The Least performing Network A achieving 10.4% top-5 error confirmed that a deep network with small filters outperforms a shallow network with larger filters.
Multi-Scale Evaluation: Here, the authors assessed the effect of scale jittering at test time. It consisted of running a model over several rescaled versions of a test image (corresponding to different values of Q), followed by averaging the resulting class posteriors. The model trained with variable S ∈ [Smin; Smax] was evaluated over a larger range of sizes Q = {Smin, 0.5(Smin + Smax), Smax}.
The results indicated that scale jittering at test time leads to better performance as compared to evaluating the same model at a single scale.
Multi-Crop and Dense: As mentioned earlier best-performing networks D (VGG16) and E (VGG19) achieved slightly better results with Multi-Crop and Dense evaluation together.

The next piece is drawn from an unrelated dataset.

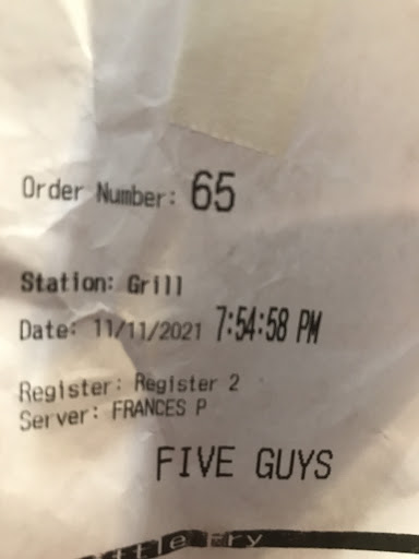 Ā Ā Ā Read moreStarted off as a bad experience but the amazing Managers rectified the whole situation. First time ordering a delivery order from the Five Guys app around 5pm. Around 6pm I called the store asking about my order. Was told my order was sitting there for 30 mins waiting to be picked up. My brother stopped by and picked up the order. Fries came and were not fully cooked and milkshake was missing. Called the store and spoke to a manager that was very apologetic because this shouldnāt have happened as he was training new staff. He offered to fix my ordered but I still had to go back to pick it up. While this was happening, I left a compliant on the app and another manager called me within minutes. He was so very apologetic as well. He asked for my order number, called the store and had them re-created my whole order, along with a gift card for my inconvenience. Really appreciate the exceptional customer service. ...
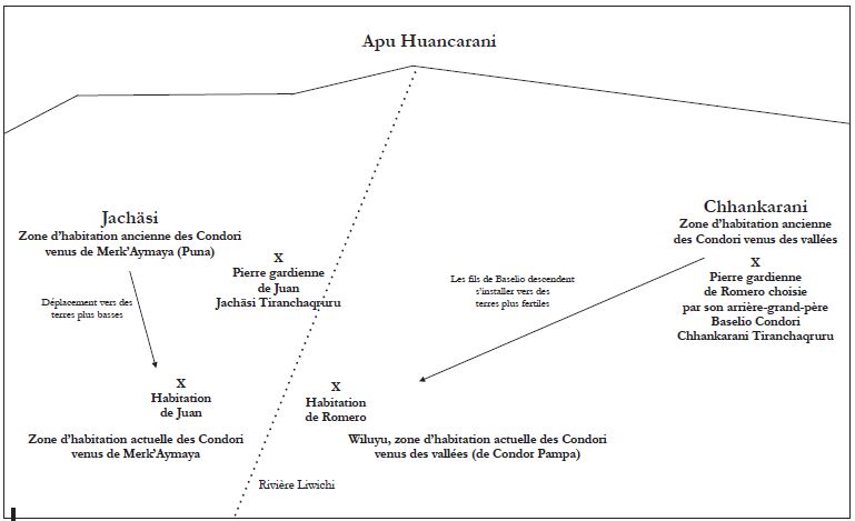 Par contraste, le voisin de Romero, Juan Condori, a sa pierre-gardienne dans la zone appelée Jachäsi (fig. 7). L’emplacement de ces deux pierres-gardiennes est ici très instructif. Dans la communauté d’Urur Uma baja, la majorité des personnes portent le même patronyme : Condori17. Cependant, les Condori se divisent en deux groupes : 1) les Condori de Wiluyu venus des vallées (de Condor pampa) comme Romero et, 2) les Condori venus de Merk’Aymaya (Ayllu Kharacha, Province Bustillo) comme Juan18 (fig. 8). La distinction de ces deux familles Condori s’objective spatialement puisqu’elles vivent de part et d’autres de la rivière Liwichi (aujourd’hui asséchée)19. L’emplacement de ces pierres-gardiennes constitue ainsi un support historique permettant de retracer l’histoire des peuplements de cette région : les deux zones où se situent les pierres-gardiennes (zone Chhankarani pour les Condori provenant des vallées et celle de Jachäsi pour ceux provenant de Merk’Aymaya) correspondent effectivement à des zones d’habitation plus anciennes, aujourd’hui délaissées. Les personnes sont descendues vers des terres plus fertiles et plus proches des rivières, déplacement qui les a conduites à choisir une autre pierre-gardienne. Selon Romero (né dans les années 1950), sa pierre-gardienne (et celle de ses frères) aurait été choisie par son arrière-grand-père, Baselio Condori. Le grand-père de Romero (Luciano Condori) aurait conservé la pierre-gardienne de Baselio (père de Luciano), alors que ses frères en auraient choisi une nouvelle au moment de leur déplacement vers des zones plus fertiles et de leur fondation d’un foyer-famille20. C’est en effet à cette génération que les familles changèrent de zones d’habitation. Cette migration explique qu’aujourd’hui, Romero (et ses frères) n’ait plus la même pierre-gardienne que ses cousins paternels (les descendants de Baselio): «c’est normal qu’on n’ait plus la même pierre-gardienne aujourd’hui, ils ont en choisi une autre car nous ne sommes plus des germains». La pierre-gardienne de Romero se trouve en effet sur le terrain (canchón) de son cousin Felix. Celui-ci a hérité de la parcelle et la cultive depuis. La pierre-gardienne de Felix se situe quant à elle sur une parcelle à proximité de sa maison qui appartient néanmoins au frère de Romero, Modesto. La parcelle appartenait en effet au père de Romero et fut ensuite divisée entre Romero et Modesto.

Final submission ensembling VGG16 and VGG19
Similar to AlexNet(2012) and ZFNet(2013) submissions authors too submitted an ensemble (combining the outputs of several models by averaging their soft-max class posteriors) of their best performing models D and E; just two, a significantly less number of models than earlier submissions and remarkably outperforming them. The final submitted top-5 error of 6.8% outperformed all earlier submitted results.
Remarks
VGGNet, simplicity at its best architecture compared to its competitor GoogLeNet, had few but important insights to offer. The use of now omnipresent 3x3 convolutional layers throughout an architecture was seeded here. Both VGGNet and GoogLeNet, the winners of 2014, using the concept of effective receptive field highlighted the importance of depth in visual representations which eventually became the stepping stone of a breakthrough transformation arriving next year.